T-Minus: Space-Cyber Briefing | Hosted by Maria Varmazes, N2K Networks Episode Date: April 19, 2026
This episode explores the partnership between Polestar Global and Amazon Web Services (AWS) to transform maritime intelligence operations. The hosts and guests unpack how Polestar modernized its legacy systems, scaled global operations, and accelerated innovation and delivery using cloud technologies. The conversation covers the journey from startup challenges to supporting high-stakes government and commercial maritime missions, focusing on security, compliance, modernization, and the importance of resilient cyber-physical infrastructure at sea.
“If you inadvertently fund that trade, you as the bank... are liable to really substantial fines. So that’s a rather serious solution that we provide.”
— Tim Dermesh (C) [06:08]
“We had to buy a bigger server, we had to go into a data center, we had to buy bigger servers. We're spending so much money... The scaling problem was the issue."
— Tim Dermesh (C) [08:05]
“AWS can just accelerate the delivery of these security and compliance frameworks... it just makes this really easy.”

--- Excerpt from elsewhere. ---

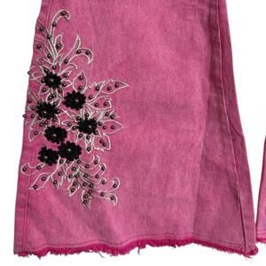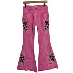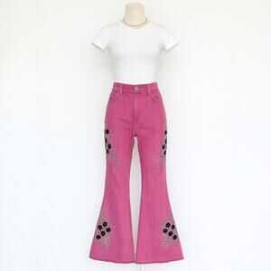 Y2K Pol Hot Pink Dreams Embroidered Bell Bottoms 70s Festival Flare Jeans Small
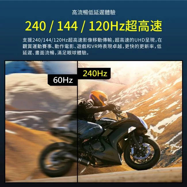 ◎超高流暢支援240Hz / 144 Hz (4K@240Hz max.)

— Rebecca Meads (B) [13:20]
“We can essentially build in one place with one set of patterns and then apply that pattern to many different customer missions...”
— Chris Dowin (D) [09:03]
“Sovereignty means something different to everyone...you can set up the controls that the customer is in complete control of that...”
— Rebecca Meads (B) [22:37]
“We used to do it every month, initially once every six months...now we’re on a two weekly cadence, but we’re heading towards daily—and that’s really where we're going.”
— Tim Dermesh (C) [24:15]
“Within two days of the event, we had them a command and control system that the commander on the ground was able to get situational awareness...”
— Chris Dowin (D) [28:48]
"As soon as you align on those outcomes...the boundaries between who works for what organization just sort of melt away..."
— Rebecca Meads (B) [29:02]
On Innovation:
"AWS...decided to make a hardware problem a software problem, which is an absolute innovation.”
— Chris Dowin (D) [25:29]
On Patterns and Fun:
“If there's like one takeaway, it's find those patterns and really get those institutionalized...and then you can start having fun. And that's the most important part."
— Chris Dowin (D) [30:08]
On Chaos Engineering:
“Once it's all migrated...the next step for me is...a truly chaos engineered solution. That to me is the dream."